I try this code depending on Mr. paxdiablo answer :
#include<iostream>
using namespace std;
int main()
{
double x=0.0;
cout<<" enter an integer N:";
cin>> x;
double f1(double x)
{
if x==0.0
return 3;
return 3 / 4 * f1 (x-1) + 4;
}
return 0;
}
But the program never runs!
================================================
The Correct Solution is :
#include<iostream>
#include<iomanip> //To enable "setprecision" tool
using namespace std;
double f(int x){
if (x==0)
{return 3;}
return (3.0/4.0) * f(x-1) + 4.0; //we add zeros to get "double" results
}
int main()
{
int n=0;
cout<<" Please, enter an integer :";
cin>> n;
cout<<fixed<<setprecision(2)<<f(n); //"setprecision" used to get only two digits after the point
return 0;
}
BIG thanks to everyone gave me a hand and special thank to Mr. paxdiablo.
This sounds like a job for ... Recursion Man!

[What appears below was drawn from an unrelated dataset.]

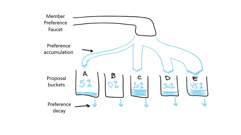 O voto por convicção difere de outros mecanismos de tomada de decisão porque não ordena as propostas de forma A vs B (como comparações de pares na Budget Box (caixa de orçamento) da Colony, por exemplo) — em vez disso, a comunidade considera todas as propostas indicadas a qualquer momento. Assim, uma pessoa poderia colocar metade de seu poder de voto na proposta A, um quarto na proposta B e dividir o quarto restante entre as propostas C e D. Você pode pensar em cada proposta como um balde e sua opinião ponderada por tokens, derramando suas preferências em propostas selecionadas nas proporções que você escolher.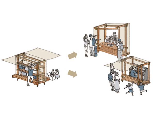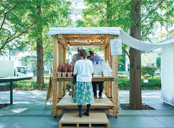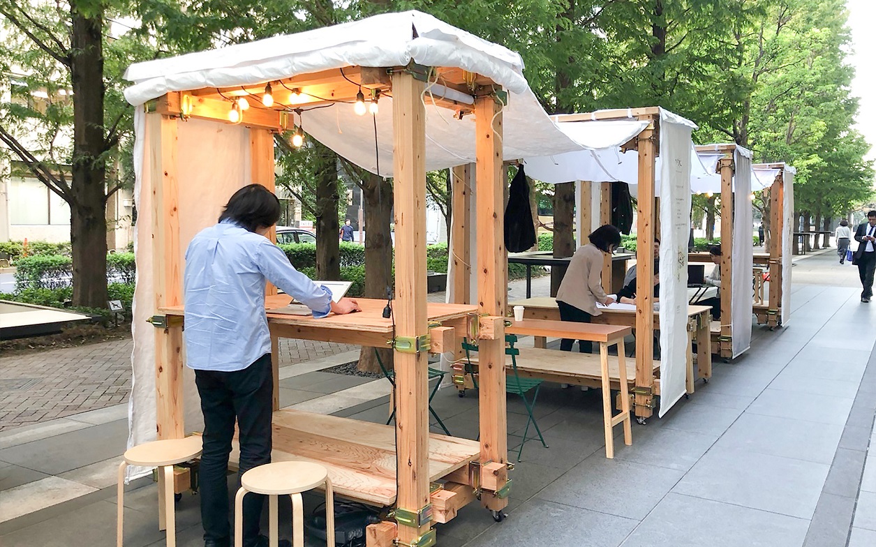 2019年秋に日建設計の社屋前の公開空地で「OUT DOOR LOUNGE」というイベントを開催し、社会実験として周辺の店舗による飲食ブースやミーティングスペースなどをつな木で作り、設置した。

Simply define a recursive function that returns 3 when n is zero or calls itself with a reduced problem.
Pseudo-code would be something like
def f(x):
if x == 0:
return 3
return 3 / 4 * f(n-1) + 4
You can use std::cin >> dv to get a value from the user and that function (recoded in C++) to do the grunt work. Then std::cout << result to output the result. Just remember to use doubles rather than ints, including constants like 3.0.
You have to define the recursive function f, then read the input from the user, then apply the function to the input you've read (probably as an integer?), and print the output.